Selon Jean-Luc Mélenchon, intervenant à l’Assemblée nationale ce mardi 19 mai 2020 en tant que président du groupe « La France insoumise », « La Pologne ne participe pas à la Charte des droits fondamentaux » de l’Union européenne. Une telle affirmation est fausse, en ce qu’elle revient à dire que la Pologne n’est pas soumise aux droits fondamentaux de la Charte. S’il est vrai qu’il existe un Protocole précisant les modalités d’application de la Charte à la Pologne, au Royaume-Uni et à la République Tchèque, ce dernier ne les exonère pas du respect des droits fondamentaux protégés par l’Union européenne.
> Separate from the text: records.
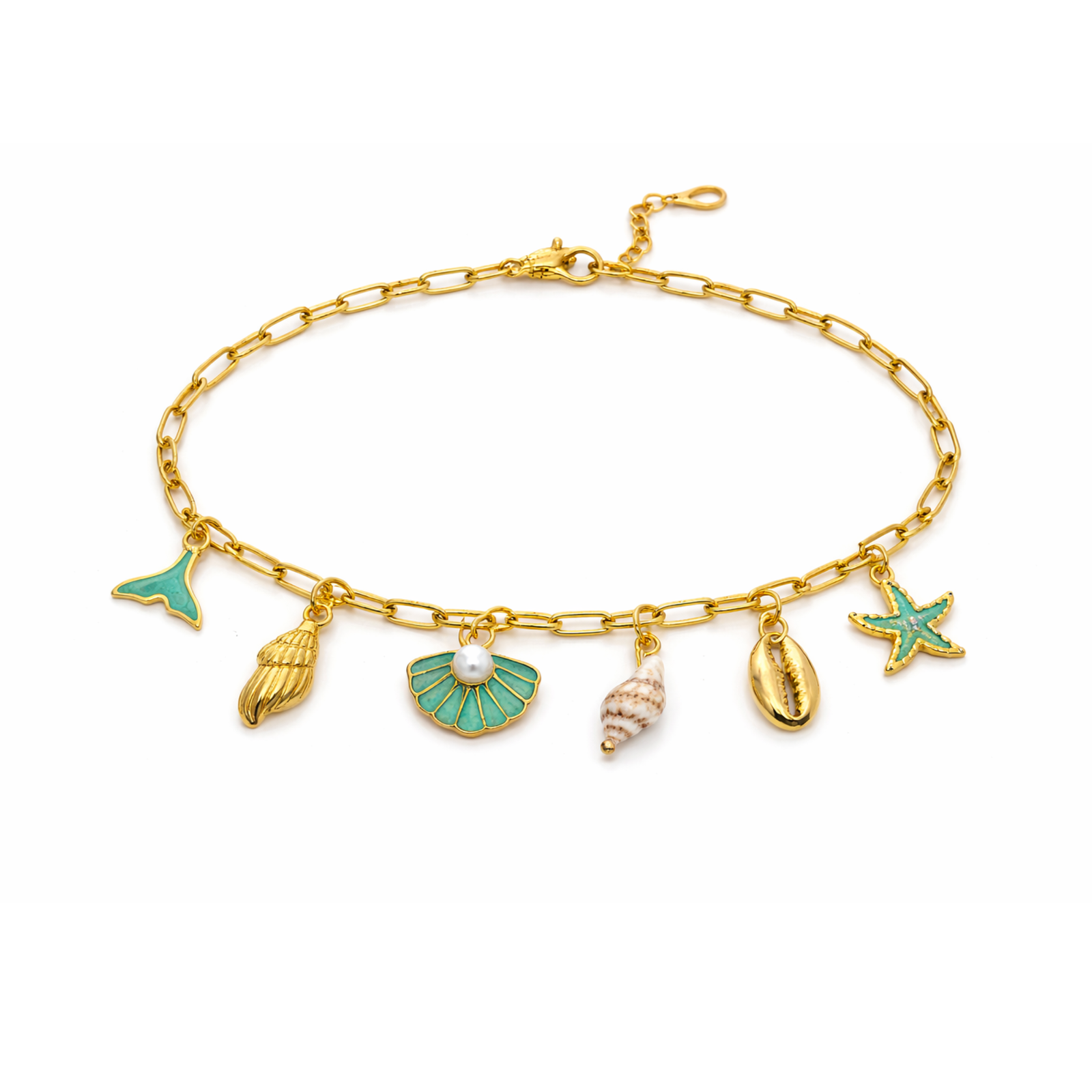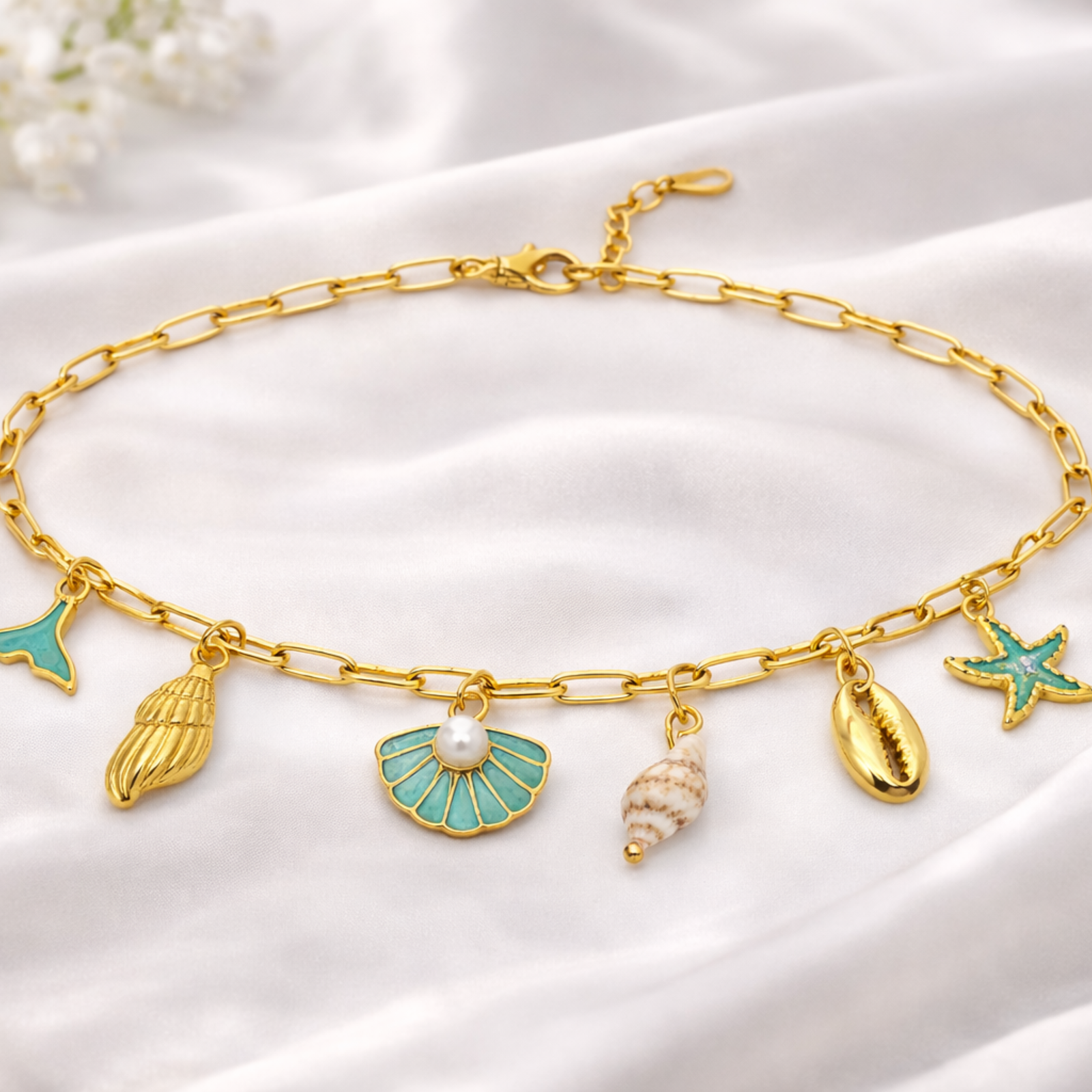 nspired by sun-kissed shores and tranquil seas, the Azure Coast Charm Bracelet is crafted in gold-tone stainless steel and adorned with an elegant arrangement of ocean-inspired charms. Featuring turquoise enamel accents, sculpted seashells, a starfish, mermaid tail, cowrie shell, and a pearl-centered shell motif, each element moves gracefully along the polished chain. The balanced mix of texture, color, and soft luster creates a refined yet playful silhouette—perfect for elevating resort wear, summer ensembles, and everyday luxury styling.
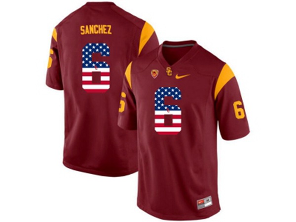 - 2016 US Flag Fashion USC Trojans Mark Sanchez #6 College Football Jersey - Red
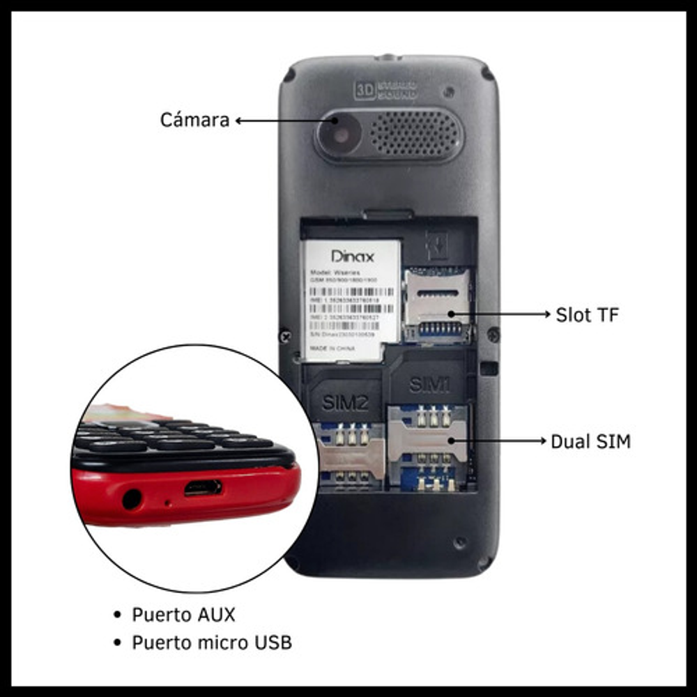 Características: • Video. • Juegos. • Slot TF. • Linterna. • Dual SIM. • Radio Fm. • Mp3-Mp4. • Entrada 3.5mm. • Pantalla 1.8"LCD. • Grabadora de sonido. • Cámara de 1PX.
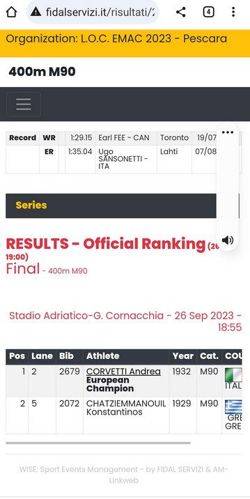 Ο Κωνσταντίνος Χατζηεμμανουήλ κατέκτησε το Ασημένιο Μετάλλιο στα 400μ στο Πανευρωπαϊκό Πρωτάθλημα στίβου Μάστερς PESCARA 2023
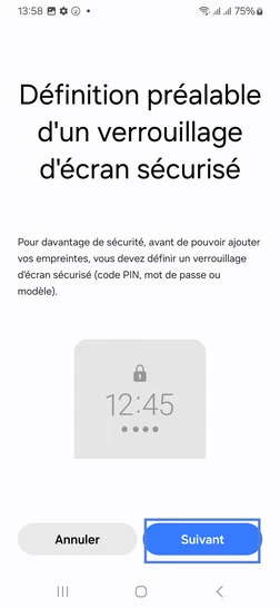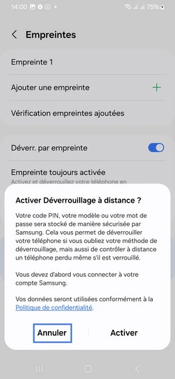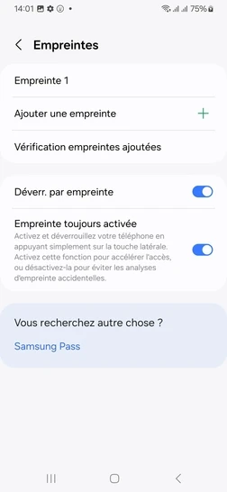 pour votre Samsung Galaxy A25 5G ou Modifier le téléphone sélectionnéEnregistrer une empreinte digitale
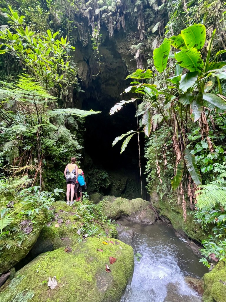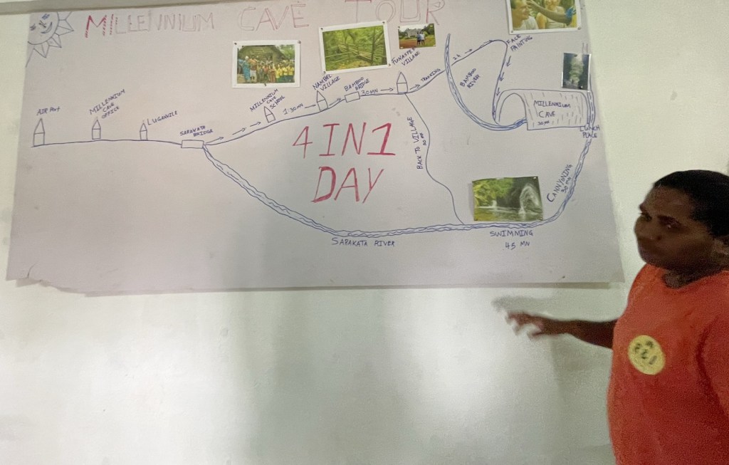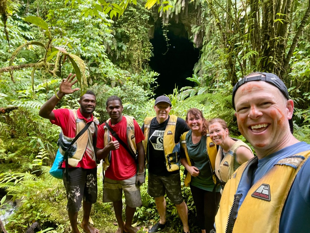 The day for Julie and me started fairly early. We headed down to the reception area of Turtlebay to pick up the picnic lunches we’d ordered the night before. We also got a couple of dry bags for our food and sundries. Around 7:30, we were picked up by Michele, the kind man who runs the tours. We chatted with Michele as we drove us to pick up another couple, a husband a wife from Tasmania — Jason and Sharyn Stone. The drive took about 30 minutes, despite Michele taking a short cut using an overgrown dirt road made by the Navy Seabees during WWII. Michele explained to us that the tour is something of a family business. The cave was largely explored by Michele’s father, and the tour was founded by Michele’s brother, who unfortunately passed away in 2023. The tour launched in the late 1990s, and Michele’s brother renamed the cave “Millennium” in the hopes of capitalizing on some of the excitement around the pending change from the 1900s to the 2000s.
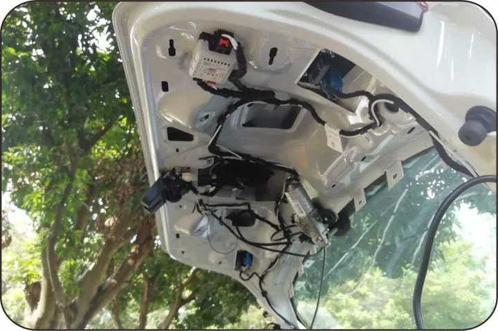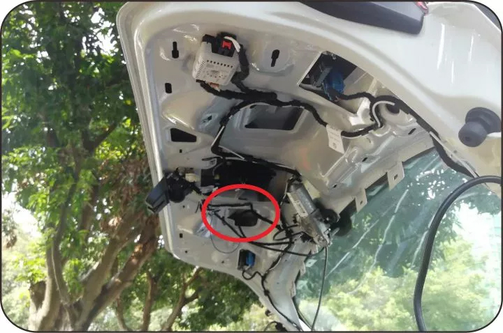 (个别车型撑杆线进入尾门需打孔,一定要在完全测试正常之后再进行开孔)
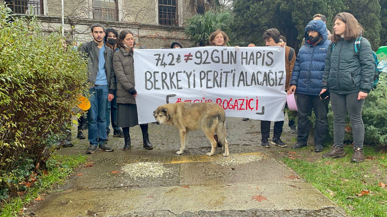 Boğaziçi Üniversitesi öğrencileri Caner Perit Özen ile Ersin Berke Gök’ün 92 gündür tutuklu bulunması nedeniyle öğrenciler rektörlük binası önünde açıklama yaptı.
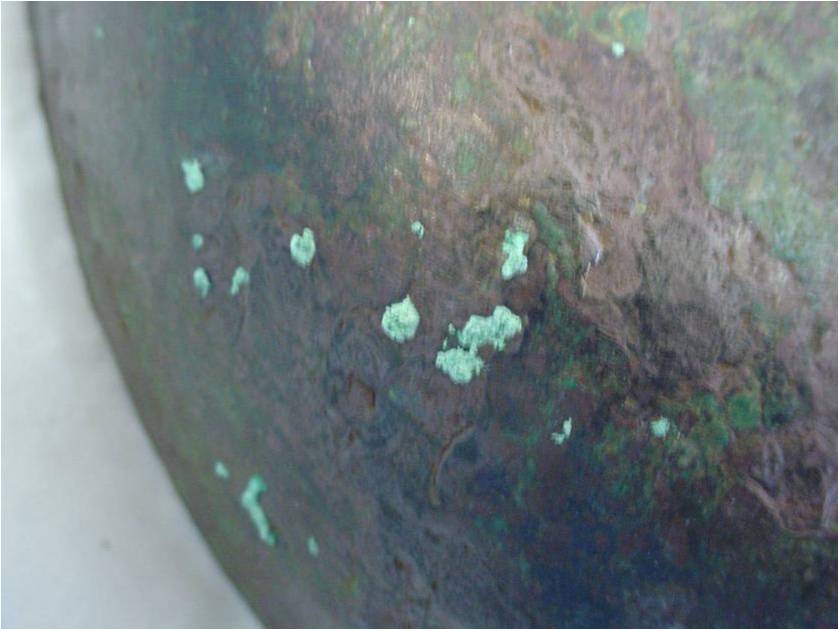- Het voordeel van koperlegeringen is dat de originele contouren, het 'originele oppervlak' mét alle details, meestal bewaard blijft ín de corrosielagen.
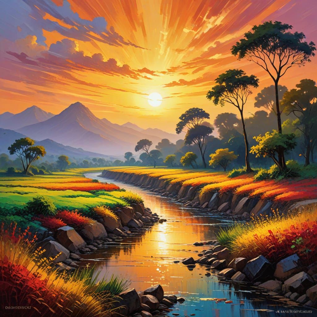 A vibrant impasto painting of a river confluence at golden hour. This landscape scene captures the meeting point of five rivers with textured brushstrokes in an expressionist style, using a warm and colourful palette.
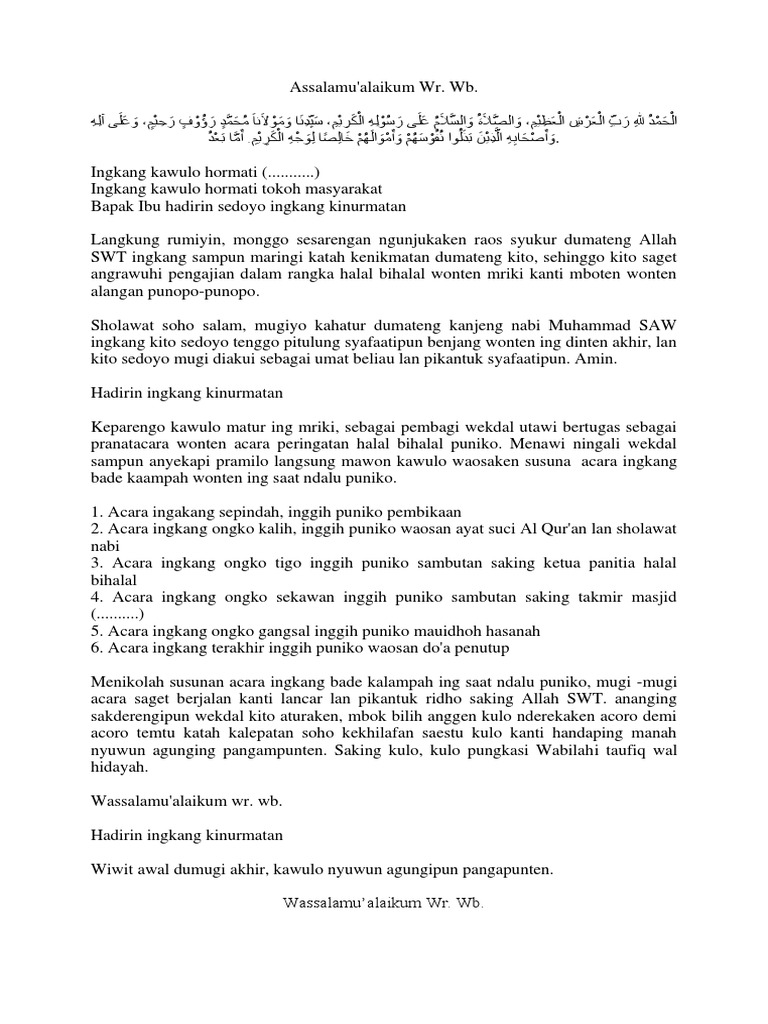 Hamdan wa syukran lillah wasshalatuwassalamuala Rasulillah ala sayyidina muhammadin waala alihi washahbihi ajmain amma bad. Contoh teks MC halal bihalal bahasa Jawa singkat. Khususnya dalam acara halal bihalal dalam rangka memperingati Hari Raya Idul Fitri 1433 Hijriyah yang berbahagia ini dan yang juga bertepatan dengan bulan kemerdekaan RI.

La Charte des droits fondamentaux est un texte permettant le respect des droits fondamentaux par les institutions de l’Union et par les États membres lorsqu’ils appliquent le droit de l’Union. Au moment de son adoption, un protocole a été annexé au Traité sur l’application de la Charte à la Pologne et au Royaume-Uni, également applicable à la République Tchèque. Comme son nom l’indique, il précise l’application de la Charte pour ces trois pays.
La Pologne a fait ajouter ce protocole pour prévenir une éventuelle intrusion de la Charte dans son droit national, comme une garantie superflue car le champ d’application du texte est déjà limité.
Ce protocole précise que la Charte ne crée pas pour la Cour de justice de l’Union de nouvelles compétences en matière de droits fondamentaux à l’égard de la Pologne.
Ces précisions dans le protocole ne changent rien en réalité à l’application et au respect de la Charte. Celle-ci doit être prise en compte par les institutions de l’Union quand elles adoptent un texte et par les États quand ils appliquent le droit de l’Union. Rien ne les oblige à respecter la Charte dans des situations purement nationales, ce que craignait la Pologne.
Le protocole le dit d’ailleurs, il existe pour « dissiper tout doute ». Il a donc peu d’intérêt, et il est le fruit d’une inquiétude politique par rapport aux effets juridiques des droits sociaux. Il n’a d’ailleurs pas empêché la Cour de justice de considérer en juin et novembre 2019 que la réforme polonaise modifiant l’âge de départ à la retraite des juges polonais et subordonnant la poursuite des activités de magistrat à une autorisation gouvernementale était contraire au principe de l’égalité des chances et de l’égalité de traitement entre hommes et femmes en matière d’emploi et de travail et au principe de la protection juridictionnelle effective.
Il est donc faux d’affirmer que la Pologne ne participe pas à la Charte des droits fondamentaux car cela revient à insinuer qu’elle n’est pas soumise à son respect.